Week of 11-15 June
Day 1 – 11-June
10:00 AM – 11:30 AM : Welcome / Setting Context
Introduction to Microsoft Research India, the IDE project, the workshop format. Introduction of the teams, committee and Research Fellows working on the IDE project. Goals /expectations from the workshop – to build connections between algorithms and practice; to being together domain experts working in the embedded ML space.
2:00 PM – 4:30 PM: Priyan Vaithilingam, Microsoft Research – Azure Hands-on Tutorial
Get participants familiar with using Azure subscriptions and the services available on their Azure accounts.
Day 2 – 12-June
10:00 AM – 11:15 AM : Harsha Vardhan Simhadri (opens in new tab), Microsoft Research – The EdgeML library
In this talk, we will present two supervised learning algorithms Bonsai (tree-based) and ProtoNN (nearest-neighbors based) suited for resource-constrained devices such as IoT devices, sensors and embedded devices. These algorithms can generate models that are order(s) of magnitudes smaller, faster and power-efficient (for inference) than popular algorithms such as SVM, GBDT, etc. while still providing competitive accuracies. The talk will include the technical details of the algorithms, their availability and use.
2:00 PM – 3:15 PM : Prateek Jain (opens in new tab), Microsoft Research – Recent work on FastRNNs and multi-instance learning+early stopping in RNN.
In this talk, we discuss recent results on training RNNs with smaller memory and computation footprint for supervised learning tasks on time-series data such as audio wake-word detection, keyword spotting, and gesture recognition. The first part of the talk will discuss new RNN architectures.The second part of the talk will discuss new results on learning from noisy data in which the true time-series signature of a class is a small subsequence of a larger training example. This kind of training data is typical of time-series tasks. For example, the positive examples in a wake-word detection training data set might include occurrences of the wake-word in a noisy background sample of length much longer than the utterance of the wake-word. We also discuss how to stop RNN steps early on instances where no signature is found.
Day 3 – 13-June
10:00 AM – 11:15 AM: Applications: Interactive Cane, and other Time-series tasks
In this talk, we will discuss our experience with the interactive cane and other time-series tasks. The interactive cane is an input device for people with visual impairment to do quick tasks on their smart phones. On the hardware side, it consists of a small pod with a microcontroller and IMU sensor on the cane. We trained and deployed a model that predicts gestures (from a pre-defined set) on the cane and communicates the user intent, as detected through gesture, to the smart phone. We will share our experiences in collecting training data, developing the features, and user-studies of the prototype. Separately, we will share our experience working on small audio tasks on Cortex A series chips.

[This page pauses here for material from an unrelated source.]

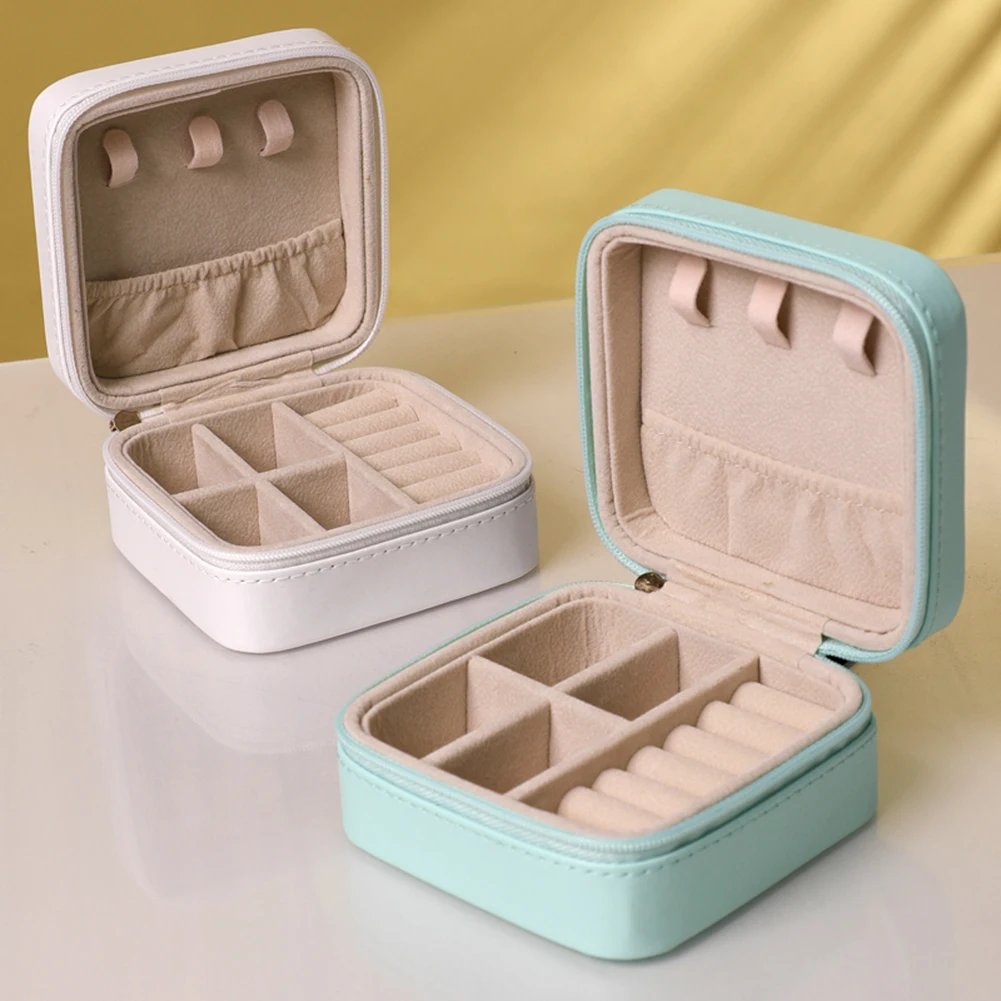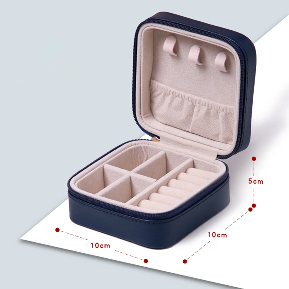 Портативный мини-чехол на молнии для ювелирных изделий, для путешествий, наружное кольцо, подвеска, держатель, ожерелье, коробка для хранения сережек Характеристика: Независимая коробка для ювелирных изделий, за исключением ювелирных изделий в коробке. Легкий и удобный, с несколькими отделениями, вы можете положить большие серьги, броши и другие предметы первой необходимости. Кольцевая паза может держать 6 колец или несколько пар сережек. Спецификация: Название продукта: простая портативная коробка для ювелирных изделий с кольцом, мини коробка для ювелирных изделий, квадратная коробка для путешествий, Подарочная коробка для ювелирных изделий, коробка для хранения Материал: искусственная кожа + бархат с бусинами Размер: 100*100*50 мм/3,94*3,94*1,97" Цвет: белый, розовый, небесно-голубой, темно-синий Примечание: В связи с различиями мониторов и эффектами освещения реальный цвет товара может немного отличаться от цвета на фотографиях. Спасибо! Возможны отклонения в 1-2 см вследствие измерений вручную.

2:00 PM – 5:00 PM: Presentation from the groups on their plans for the workshop (40 minutes each)
Day 4 – 14-June
10:00 AM – 11:15 AM: Anish Arora (opens in new tab), Ohio State University – Machine Learning from Limited Signals at Mote-Scale
This talk describes the growing role of machine learning in battery-powered wireless sensor networks being deployed in rural and urban areas for environmental and wildlife projection. Specifically, we will discuss radar-based HornNet, deployed in a South African rhino reservation for anti-poaching surveillance, and microphone-based SONYC, deployed in New York City for sound complaint mitigation. Characteristic to these applications are classification and counting tasks with signals that are limited in the sense of being low signal to noise ratio (SNR), with significant spatio-temporal variation across different background clutters, rejection of clutter which may or may be accurate, and potential for interference. We will present how our mote-scale implementations have and are dealing with these challenges.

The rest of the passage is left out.